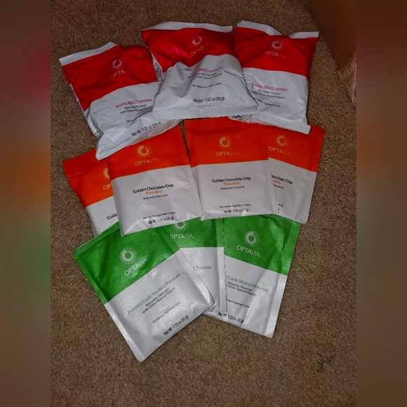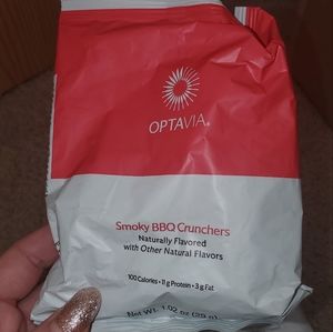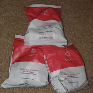 Optavia 4 golden chocolate chip pancakes, 3 barbecue crunchers, and 3 garlic mashed potatoes.
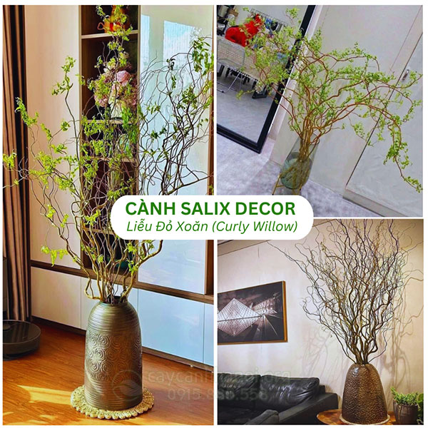 Cành Salix Decor (cành liễu đỏ xoăn) có tên tiếng anh là Curly Willow, là loại cây thuộc họ Liễu, xuất xứ từ Trung Quốc. Cành Salix có dáng cành dài, trung bình từ 1,2 – 1,8m, cành dai và mềm mại, chúng thường có dáng dễ uốn cong, tạo hình, lá nhỏ, màu đỏ, sau khi cành liễu được cấp ẩm đủ lá sẽ ra đều trông rất thú vị.
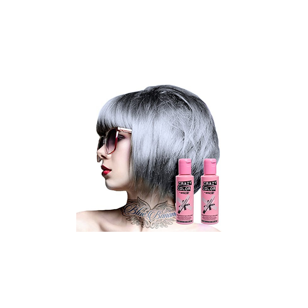 2Â x Crazy Colour Semi Permanent Hair Colour 100ml, , , silver,

────────

• TASK ITEM: Before handing back the copy, remove the pictures; otherwise print the data exactly.

• REPLY TO THE EXERCISE:
 Optavia 4 golden chocolate chip pancakes, 3 barbecue crunchers, and 3 garlic mashed potatoes.
 Cành Salix Decor (cành liễu đỏ xoăn) có tên tiếng anh là Curly Willow, là loại cây thuộc họ Liễu, xuất xứ từ Trung Quốc. Cành Salix có dáng cành dài, trung bình từ 1,2 – 1,8m, cành dai và mềm mại, chúng thường có dáng dễ uốn cong, tạo hình, lá nhỏ, màu đỏ, sau khi cành liễu được cấp ẩm đủ lá sẽ ra đều trông rất thú vị.
 2Â x Crazy Colour Semi Permanent Hair Colour 100ml, , , silver,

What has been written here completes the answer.